Grantee Spotlight

Adirondack Health Institute

Rural Health Care Coordination Program  

  

The Georgia Health Policy Center recently spoke to Amy Kohanski, the project director for the Chronic Disease Care Coordination Network at North Country Healthy Heart Network, and Katy Margison, the director of partner engagement and communications for Adirondack Health Institute, about launching a new referral network. 

  

To date, what has been the biggest accomplishment or win in your Care Coordination program?  
Katy: Our biggest accomplishment is our engagement and the network that we built. We consistently have anywhere from 32 to 40 individuals that join our monthly meetings, and that type of attendance is certainly on the higher side of most work groups that I have been involved with. Additionally, the focus groups that we developed specific to data collection and care coordination are getting eight to 15 participants. Folks are engaged with what we are doing even if the process sometimes feels sticky and slow. They have stayed with us and have remained engaged. 

  

Amy: Our grant began as a different HRSA care coordination grant was coming to an end. Although that grant had a different focus, many of the same people and organizations wanted to stay involved with ours. In many ways we were able to pick up where they left off and keep the momentum going. We are in a large rural region up here in the North Country and we are known for our willingness to collaborate. It’s been great to see so many health systems and CBOs come together and talk about systems change.  

  

What is a tip or early learning that you would share with an organization launching a similar program?  
Amy: We walked into a grant and workplan that we did not write. It was very broad, and there were several roads we could go down. We learned right off the bat that we really needed to focus on narrowing it down to what is actually doable within the timeframe that we had. My advice would be to not to bite off more than you can chew. It is better to do less and do it really well than to do a lot poorly.  

  

Katy: Not being a part of the grant writing team was definitely a drawback, so I might recommend trying to keep at least one person on the grant writing team that is ultimately going to do the work. Additionally, Amy and I are not clinical care coordinators. There has been a learning curve, which is not a bad thing, and we have been relying on our great partners, but it would be helpful to have a care coordinator in the core group. 

  

How do you see participation in FORHP’s Care Coordination Program as impacting your broader health improvement efforts? 

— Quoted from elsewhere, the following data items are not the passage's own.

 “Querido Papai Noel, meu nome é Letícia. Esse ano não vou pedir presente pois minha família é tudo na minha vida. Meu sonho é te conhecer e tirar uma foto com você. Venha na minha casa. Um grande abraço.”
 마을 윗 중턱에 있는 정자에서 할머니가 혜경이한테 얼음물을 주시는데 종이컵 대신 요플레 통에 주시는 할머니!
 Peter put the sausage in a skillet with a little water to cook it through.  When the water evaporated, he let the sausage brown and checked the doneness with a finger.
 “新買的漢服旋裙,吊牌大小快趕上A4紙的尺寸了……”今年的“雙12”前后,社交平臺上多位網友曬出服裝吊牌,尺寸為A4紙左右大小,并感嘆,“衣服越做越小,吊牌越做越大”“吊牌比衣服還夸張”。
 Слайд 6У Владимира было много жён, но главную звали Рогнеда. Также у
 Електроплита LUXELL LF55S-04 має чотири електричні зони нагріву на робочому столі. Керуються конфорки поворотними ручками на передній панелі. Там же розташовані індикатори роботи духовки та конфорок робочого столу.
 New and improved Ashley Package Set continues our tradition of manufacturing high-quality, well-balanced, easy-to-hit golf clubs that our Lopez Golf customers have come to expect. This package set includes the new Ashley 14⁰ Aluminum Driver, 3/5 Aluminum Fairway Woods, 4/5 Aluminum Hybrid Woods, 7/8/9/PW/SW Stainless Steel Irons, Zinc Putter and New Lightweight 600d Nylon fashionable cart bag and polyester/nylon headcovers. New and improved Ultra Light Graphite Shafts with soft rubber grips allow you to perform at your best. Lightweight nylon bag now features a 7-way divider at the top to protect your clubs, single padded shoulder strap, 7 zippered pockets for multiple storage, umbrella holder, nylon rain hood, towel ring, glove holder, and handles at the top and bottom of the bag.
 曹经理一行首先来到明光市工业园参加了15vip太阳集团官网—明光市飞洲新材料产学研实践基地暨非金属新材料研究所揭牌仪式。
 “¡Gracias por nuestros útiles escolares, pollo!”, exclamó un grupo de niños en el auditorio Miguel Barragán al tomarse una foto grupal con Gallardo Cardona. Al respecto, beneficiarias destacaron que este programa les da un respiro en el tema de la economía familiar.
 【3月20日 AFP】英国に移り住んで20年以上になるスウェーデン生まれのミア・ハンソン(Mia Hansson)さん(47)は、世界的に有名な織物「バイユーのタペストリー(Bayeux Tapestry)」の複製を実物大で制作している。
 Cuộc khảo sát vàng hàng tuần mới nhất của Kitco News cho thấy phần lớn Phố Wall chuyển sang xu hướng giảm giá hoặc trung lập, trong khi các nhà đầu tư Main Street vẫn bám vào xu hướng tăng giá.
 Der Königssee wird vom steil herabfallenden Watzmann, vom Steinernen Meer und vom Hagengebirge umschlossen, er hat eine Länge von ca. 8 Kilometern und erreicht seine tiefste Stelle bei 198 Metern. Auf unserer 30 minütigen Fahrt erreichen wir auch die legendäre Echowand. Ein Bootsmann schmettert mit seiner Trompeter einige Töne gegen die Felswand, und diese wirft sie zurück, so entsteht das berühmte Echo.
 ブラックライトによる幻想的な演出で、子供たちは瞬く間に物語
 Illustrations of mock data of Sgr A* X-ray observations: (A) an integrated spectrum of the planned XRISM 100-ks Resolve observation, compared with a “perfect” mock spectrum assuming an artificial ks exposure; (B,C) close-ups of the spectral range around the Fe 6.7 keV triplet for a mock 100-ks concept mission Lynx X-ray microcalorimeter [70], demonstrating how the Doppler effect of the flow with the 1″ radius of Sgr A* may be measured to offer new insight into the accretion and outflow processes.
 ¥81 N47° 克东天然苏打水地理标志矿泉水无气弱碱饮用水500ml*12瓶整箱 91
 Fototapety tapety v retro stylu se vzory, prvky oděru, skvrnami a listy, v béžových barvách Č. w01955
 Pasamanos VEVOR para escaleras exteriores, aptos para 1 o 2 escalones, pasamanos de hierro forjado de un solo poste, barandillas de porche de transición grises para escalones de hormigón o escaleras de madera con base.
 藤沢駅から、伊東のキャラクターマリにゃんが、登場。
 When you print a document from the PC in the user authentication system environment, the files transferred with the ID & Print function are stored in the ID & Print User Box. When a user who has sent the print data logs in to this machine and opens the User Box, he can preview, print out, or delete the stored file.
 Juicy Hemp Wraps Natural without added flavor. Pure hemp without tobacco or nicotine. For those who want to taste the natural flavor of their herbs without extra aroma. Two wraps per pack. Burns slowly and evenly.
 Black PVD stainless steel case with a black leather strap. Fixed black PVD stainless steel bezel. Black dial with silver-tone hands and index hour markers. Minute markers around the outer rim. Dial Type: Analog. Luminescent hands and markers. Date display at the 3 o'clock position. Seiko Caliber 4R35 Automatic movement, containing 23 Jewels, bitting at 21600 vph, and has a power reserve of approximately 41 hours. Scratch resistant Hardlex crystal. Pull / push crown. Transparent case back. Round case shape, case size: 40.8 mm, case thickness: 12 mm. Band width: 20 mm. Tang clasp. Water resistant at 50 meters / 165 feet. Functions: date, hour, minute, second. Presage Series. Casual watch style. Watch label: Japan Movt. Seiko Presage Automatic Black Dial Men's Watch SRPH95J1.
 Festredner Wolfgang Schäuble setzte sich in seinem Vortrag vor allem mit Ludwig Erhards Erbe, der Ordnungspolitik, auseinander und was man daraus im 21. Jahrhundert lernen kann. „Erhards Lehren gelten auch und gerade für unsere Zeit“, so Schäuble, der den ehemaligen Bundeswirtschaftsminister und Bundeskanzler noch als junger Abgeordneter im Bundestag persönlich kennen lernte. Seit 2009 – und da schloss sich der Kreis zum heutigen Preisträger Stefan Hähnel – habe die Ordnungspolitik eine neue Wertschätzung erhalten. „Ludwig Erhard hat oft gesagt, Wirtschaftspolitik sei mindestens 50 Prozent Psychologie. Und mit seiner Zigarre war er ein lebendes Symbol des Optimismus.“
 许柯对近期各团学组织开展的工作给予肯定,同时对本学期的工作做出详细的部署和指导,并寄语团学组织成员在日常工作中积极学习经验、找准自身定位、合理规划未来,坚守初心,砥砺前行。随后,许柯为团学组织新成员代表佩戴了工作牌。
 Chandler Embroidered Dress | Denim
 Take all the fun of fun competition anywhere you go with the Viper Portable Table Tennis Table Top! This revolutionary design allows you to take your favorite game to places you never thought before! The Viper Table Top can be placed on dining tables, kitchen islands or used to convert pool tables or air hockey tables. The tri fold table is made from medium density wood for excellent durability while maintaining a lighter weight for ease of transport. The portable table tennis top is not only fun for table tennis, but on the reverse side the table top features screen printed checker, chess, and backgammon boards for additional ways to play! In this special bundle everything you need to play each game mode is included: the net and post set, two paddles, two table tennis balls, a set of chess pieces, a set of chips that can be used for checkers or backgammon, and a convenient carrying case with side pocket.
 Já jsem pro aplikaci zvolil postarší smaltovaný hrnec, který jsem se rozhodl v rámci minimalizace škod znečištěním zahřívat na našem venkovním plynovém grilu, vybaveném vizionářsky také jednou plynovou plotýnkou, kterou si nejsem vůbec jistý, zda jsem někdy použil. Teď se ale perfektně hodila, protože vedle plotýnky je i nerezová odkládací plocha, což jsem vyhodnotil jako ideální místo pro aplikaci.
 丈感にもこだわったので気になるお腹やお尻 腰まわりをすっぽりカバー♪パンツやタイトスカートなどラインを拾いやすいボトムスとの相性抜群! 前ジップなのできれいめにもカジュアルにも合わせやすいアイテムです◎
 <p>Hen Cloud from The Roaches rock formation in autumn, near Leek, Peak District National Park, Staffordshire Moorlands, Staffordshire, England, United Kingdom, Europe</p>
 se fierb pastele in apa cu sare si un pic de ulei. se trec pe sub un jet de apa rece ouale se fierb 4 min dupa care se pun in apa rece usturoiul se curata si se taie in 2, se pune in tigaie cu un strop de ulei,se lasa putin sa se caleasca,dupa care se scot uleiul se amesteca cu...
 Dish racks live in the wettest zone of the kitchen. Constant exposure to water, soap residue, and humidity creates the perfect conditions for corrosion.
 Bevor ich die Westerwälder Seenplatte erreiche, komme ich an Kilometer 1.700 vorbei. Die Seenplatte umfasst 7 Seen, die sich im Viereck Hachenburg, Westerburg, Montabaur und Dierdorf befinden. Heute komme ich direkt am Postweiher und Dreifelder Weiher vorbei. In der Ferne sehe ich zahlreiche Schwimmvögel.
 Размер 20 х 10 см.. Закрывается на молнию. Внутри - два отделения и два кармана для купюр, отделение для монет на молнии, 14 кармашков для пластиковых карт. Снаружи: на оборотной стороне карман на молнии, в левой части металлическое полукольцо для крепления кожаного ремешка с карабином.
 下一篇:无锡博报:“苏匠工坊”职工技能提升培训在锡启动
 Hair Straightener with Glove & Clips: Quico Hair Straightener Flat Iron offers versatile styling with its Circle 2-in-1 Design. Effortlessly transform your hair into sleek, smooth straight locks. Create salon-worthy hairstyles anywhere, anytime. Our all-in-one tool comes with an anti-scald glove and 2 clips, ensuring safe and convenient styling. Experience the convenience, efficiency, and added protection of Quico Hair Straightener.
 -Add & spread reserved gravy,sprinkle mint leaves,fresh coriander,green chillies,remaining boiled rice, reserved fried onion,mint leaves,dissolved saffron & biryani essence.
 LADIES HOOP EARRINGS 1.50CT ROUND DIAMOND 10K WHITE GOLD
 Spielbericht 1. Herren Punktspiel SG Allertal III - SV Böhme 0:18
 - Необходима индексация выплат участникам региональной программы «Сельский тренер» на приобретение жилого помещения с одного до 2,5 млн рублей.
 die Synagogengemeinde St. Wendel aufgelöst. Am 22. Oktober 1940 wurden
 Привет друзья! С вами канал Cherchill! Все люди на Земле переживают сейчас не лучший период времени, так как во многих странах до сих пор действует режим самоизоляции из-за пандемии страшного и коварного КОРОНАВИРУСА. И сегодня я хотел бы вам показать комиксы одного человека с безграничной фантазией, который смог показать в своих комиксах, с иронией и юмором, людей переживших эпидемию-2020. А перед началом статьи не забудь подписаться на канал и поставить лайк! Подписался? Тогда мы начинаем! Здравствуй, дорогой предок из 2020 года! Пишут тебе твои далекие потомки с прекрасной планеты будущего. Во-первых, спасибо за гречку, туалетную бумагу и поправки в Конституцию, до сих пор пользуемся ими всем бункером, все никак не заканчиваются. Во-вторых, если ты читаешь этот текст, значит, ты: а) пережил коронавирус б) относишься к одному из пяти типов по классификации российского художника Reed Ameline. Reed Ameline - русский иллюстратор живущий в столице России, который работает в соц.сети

Katy: This type of transformative work takes a long time. Broader health improvement is whole-person care for us and that is looking at the total cost of care and value-based care and what type of arrangements can we get into with payers. It will take some changes to make this sustainable and get away from grants. We need to figure out a way to engage in a value-based contract arrangement or some sort of payment arrangement to reimburse our providers for offering the chronic disease self-management programs, tobacco treatment, and food and nutrition supports. With emphasis on health-related social needs or social determinants of health, we have to get payers on board. We have done some side projects showing that with wraparound support high utilizers do not come back to the hospital if they get the food support they need or the housing or transportation. We need somebody to believe in us and engage in some sort of more permanent arrangement.